As can be seen, the \(F\) value is not significant thereby questioning the difference in means hypothesis. Put differently: The models sees no strong evidence for rejecting the null.

The F value, along with its 3 df values, can be plucked out like this:

```
emp_F_value <- pluck(lm1_sum, "fstatistic")
emp_F_value
#> value numdf dendf
#> 1.672355 3.000000 240.000000
```

Note that this is a vector of three 3 elements.

# Linear model using SBI

Now the trick.

```
boot1 <- do(1000) * lm(tip ~ day, data = resample(tips))
confint(boot1)
#> name lower upper level method estimate
#> 1 Intercept 2.270318182 3.2140346 0.95 percentile 2.73473684
#> 2 daySat -0.304165972 0.8272075 0.95 percentile 0.25836661
#> 3 daySun 0.030470180 1.0744534 0.95 percentile 0.52039474
#> 4 dayThur -0.480811080 0.6252964 0.95 percentile 0.03671477
#> 5 sigma 1.157816369 1.5729610 0.95 percentile 1.37793112
#> 6 r.squared 0.005899732 0.0758314 0.95 percentile 0.02047639
#> 7 F 0.474779633 6.5642919 0.95 percentile 1.67235520
```

# Pluck the r-squared from the lm object

Here’s a way to pluck the R squared value from the lm object:

```
lm(tip ~ day, data = tips) %>%
summary() %>%
pluck("r.squared")
#> [1] 0.02047639
```

# Plot the results

```
gf_histogram(~ r.squared, data = boot1) %>%
gf_vline( xintercept = ~ lm(tip ~ day, data = tips) %>%
summary() %>%
pluck("r.squared"))
```

Interestingly, the R squeared distribution is not normally distributed. In sum, the R squared are really small.

# Test the null using lm and SBI

`null2 <- do(1000) * lm(tip ~ shuffle(day), data = tips)`

Let’s check the \(F\) statistic. The critical value of the \(F\) statistic is, given 3 and 240 degrees of freedom (as shown by the lm output):

```
crit_f <- qf(p = 0.95,
df1 = 3,
df2 = 240)
crit_f
#> [1] 2.642213
```

Plot it:

```
null2 <- null2 %>%
mutate(top_5percent = percent_rank(F) > 0.95)
gf_histogram(~ F, data = null2,
fill =~top_5percent) %>%
gf_vline(xintercept = ~emp_F_value[1]) %>%
gf_label(label = ~ paste0("F: ",
emp_F_value[1] %>% round(2)),
x = ~ emp_F_value[1],
y = 0,
show.legend = FALSE)
```

As can be seen, the F value is not significant.
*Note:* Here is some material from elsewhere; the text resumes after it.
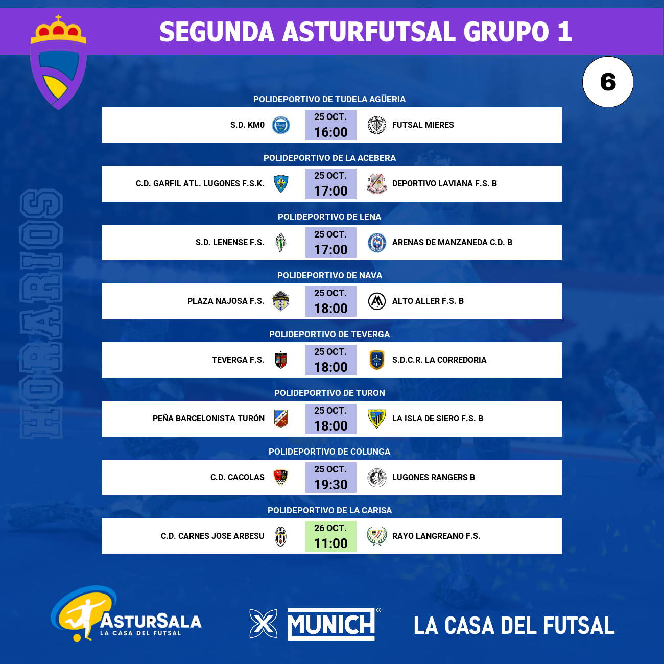 La sexta jornada del Grupo 1 de Segunda Asturfutsal se presenta como una de las más intensas y determinantes del curso. Con cinco victorias en cinco partidos, el Teverga se ha consolidado como líder indiscutible y este fin de semana buscará prolongar su racha perfecta ante La Corredoria, cuarto clasificado con diez puntos y un partido menos, tras haber cumplido ya su jornada de descanso. El duelo entre ambos promete ser uno de los más vibrantes de la fecha, enfrentando al equipo más sólido del campeonato contra uno de los aspirantes a la zona noble.

Some summary statistics to this distribution:

```
favstats(~ F, data = null2)
#> min Q1 median Q3 max mean sd n
#> 0.006571185 0.3887514 0.7581193 1.293386 5.553417 0.9314424 0.7433274 1000
#> missing
#> 0
```

# Caution

Note that the ASA advises that the p-value should not be the (sole) basis of decision in any data analysis.

Bayesian statistics is a neat alternative.

# ANOVA

As can be seen, the Kruskal Wallis and the F tests yield different results. This is probably due to the fact that we tested median differences (Kruskall) and later on mean differences (F test).
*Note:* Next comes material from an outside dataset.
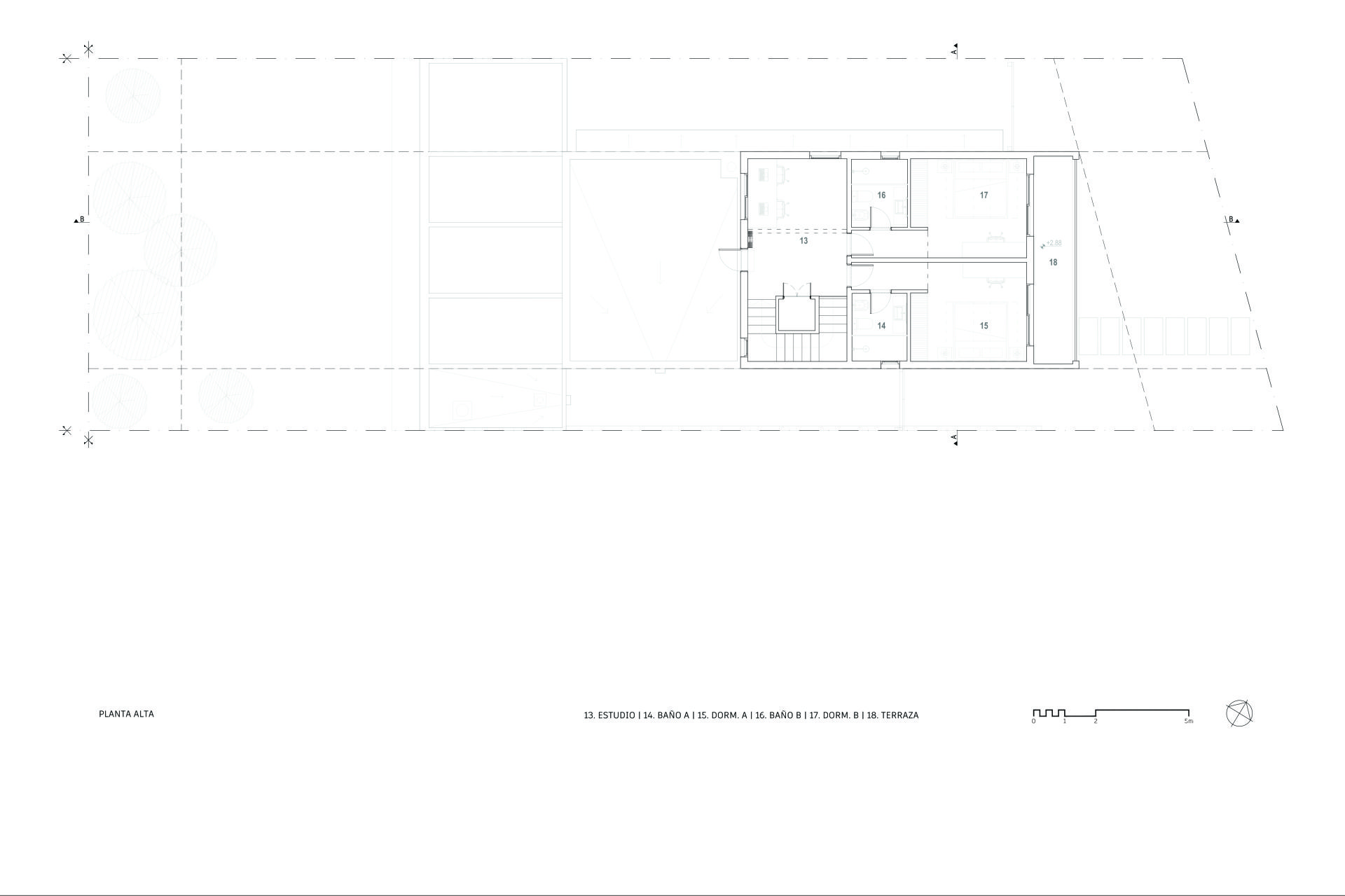 En planta alta se ubica un amplio espacio con la función de estudio y a su vez sirve de antesala a los dormitorios. Desde este espacio se puede acceder a la terraza donde se tiene vista a la playa de Montoya. Ambos dormitorios en planta alta cuentan con baño en suite, con salida a un balcón orientado al frente de la vivienda, a su vez con vistas a las playas del este.

As a check, here’s a standard ANOVA:

```
aov1 <- aov(tip ~ day, data = tips)
summary(aov1)
#> Df Sum Sq Mean Sq F value Pr(>F)
#> day 3 9.5 3.175 1.672 0.174
#> Residuals 240 455.7 1.899
```

Replicating the F value decision from the SBI analysis above.
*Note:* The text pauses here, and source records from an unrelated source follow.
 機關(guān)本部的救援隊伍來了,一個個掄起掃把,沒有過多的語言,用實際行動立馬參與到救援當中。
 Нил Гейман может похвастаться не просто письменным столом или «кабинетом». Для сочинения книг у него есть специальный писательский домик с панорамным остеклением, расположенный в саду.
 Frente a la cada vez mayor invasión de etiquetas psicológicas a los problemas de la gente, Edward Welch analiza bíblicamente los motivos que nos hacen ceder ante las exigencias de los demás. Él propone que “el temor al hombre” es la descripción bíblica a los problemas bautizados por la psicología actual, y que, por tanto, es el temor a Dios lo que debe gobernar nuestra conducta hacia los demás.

# Plotting medians vs means

As a further check, let’s plot median and mean differences for the sake of comparison.

```
gf_point(tip ~ day,
data = tips,
stat = "summary",
fun = mean,
shape = 3,
size = 5,
color = "blue") +
stat_summary(geom = "point",
fun = median,
color = "red",
size = 5,
shape = 5) +
labs(caption = "Crosses: Mean, diamonds: Median")
```

As ca be seen, the median values are more spread out, hence it appears sensible that the test would get significant whereas the more clustered mean values do not show a significant difference in our test.